According to a DeepSeek-V3 Tech report, DeepSeek trained its base model, V3, with a budget of $5.58 million over two months. The company stated that DeepSeek-V3 required 2.788M H800 GPU hours for its full training, which suggests they used around 2,000 GPUs over that period. This came as another major shock to the market, as it represents a tiny fraction of the computation power and expenditures that U.S. AI companies typically spend on their AI models—often reaching hundreds of millions or even billions of dollars.

As for the cost of developing and training DeepSeek-R1, it remains uncertain. Billionaire and CEO of Scale AI Alexander Wang recently told CNBC that he estimates DeepSeek currently has about 50,000 NVIDIA H100 chips,  though the company does not publicly disclose this, likely due to U.S. export restrictions on advanced chips. Estimating the total cost of training DeepSeek-R1 is difficult as using 50,000 NVIDIA GPUs could potentially cost hundreds of millions of dollars, so the exact figures remain speculative. Still, if this estimate of GPUs is accurate, DeepSeek’s computing power is still significantly smaller than AI leaders like OpenAI, Google, and Anthropic, each of which has over 500,000 GPUs. 

Besides, while DeepSeek has not raised any outside funding and has not yet taken significant steps to monetize its models, it is not known for certain whether the Chinese government is involved in financing the company. It is far from impossible that the Chinese government indirectly helped the company, but there is no public evidence confirming it so far.

Why DeepSeek-R1 shocked Silicon Valley?

DeepSeek is in many ways breaking the business model of OpenAI and other Western companies that are working on their own closed AI models. They have developed an AI language model comparable to OpenAI's ChatGPT but at a fraction of the cost and without relying on advanced chips from companies like Nvidia. This announcement by a small startup about creating a powerful AI model at minimal cost has made experts wonder whether it is really necessary to invest tens of billions of dollars in creating large clusters for training neural networks. 

But what’s more important, they managed to train DeepSeek-V3 with a surprisingly modest hardware footprint. The efficiency demonstrated by DeepSeek’s training process challenges established beliefs within the industry about the true necessity of expansive hardware in AI development and widespread belief that the future of AI will require ever-increasing amounts of power and energy to develop. 

The market still doesn’t know for sure whether AI development will actually require less computing power in the future, but with investors rethinking its impact on US competitors and their suppliers, it is already reacting nervously, with shares of NVIDIA and other suppliers of components for AI data centers falling.  Nvidia, the US giant behind the high-tech chips that dominate many AI investments, had been seeing its share price surge in the last two years due to growing demand, and experienced the hardest hit due to the DeepSeek announcement.

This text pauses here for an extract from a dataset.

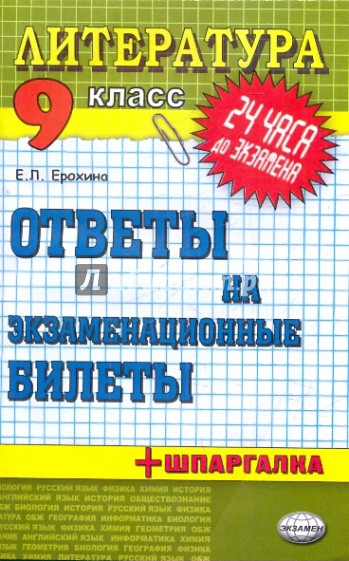 В пособии приводятся ответы на все вопросы экзаменационных билетов по литературе, предлагаемых Министерством образования и науки РФ для проведения устной итоговой аттестации выпускников 9 классов общеобразовательных школ. Предлагаемые ответы полностью соответствуют требованиям, предъявляемым на экзаменах в школах, и помогут школьникам эффективно систематизировать и укрепить свои знания. В пособии содержатся шпаргалки к билетам. Для простого и эффективного использования шпаргалки разрежьте каждую страницу на четыре части по пунктирной линии. Сложите полученные листы по порядку номеров - верхний левый, верхний правый, нижний левый, нижний правый. Для удобства использования можно скрепить получившуюся стопку степлером или скрепкой в верхнем левом углу.

Its share price dropped by roughly 17% on Monday, wiping roughly $600bn off its market value. However, the stock rebounded by approximately 8.8% on Tuesday, suggesting that the initial sell-off may have been an overreaction. 

The stock drop also affected major companies like Meta, Alphabet (Google), Nvidia competitors (Marvell, Broadcom, Micron, TSMC), and data center firms (Oracle, Vertiv, Constellation, NuScale). The same thing happened in Europe. ASML, a Dutch maker of chip manufacturing equipment, fell more than 10% in shares, while Siemens Energy, which makes hardware related to AI, fell 21%. Among the first to react to new AI were also Japanese chipmakers that work closely with American developers, such as Advantest, Tokyo Electron, Softbank Group, Furukawa and Fujikura.  

The assumption that AI development may require less computing power also calls into question the feasibility of the Stargate project, an initiative in which OpenAI, Oracle and SoftBank promise to build next-generation AI data centers in the US, on which they are allegedly ready to spend up to $500 billion.

Is DeepSeek China's Dark Horse?

Likely not. While DeepSeek’s innovations are groundbreaking, they have by no means given the Chinese AI lab market leadership. As DeepSeek has published its research, other AI model companies will learn from it and adapt. Meta and Mistral, a French open-source model company, may be a little behind, but it will likely take them only a few months to catch up with DeepSeek. As Meta’s lead AI researcher Yann LeCun said, “The idea is that everyone profits from everyone else's ideas. No one "outpaces" anyone and no country "loses" to another. No one has a monopoly on good ideas.” 

One more aspect we need to consider when dealing with Chinese companies is the security of the data. For many it remains in question, since DeepSeek-R1 probably stores it on Chinese servers. But as a precautionary measure, it is possible to try the model on Hugging Face in sandbox mode, or even run it locally on the PC with the necessary hardware. In such cases, the model will not be fully functional, but this will remove the issue of transferring data to Chinese servers.

What’s Further Raising Concerns in the US?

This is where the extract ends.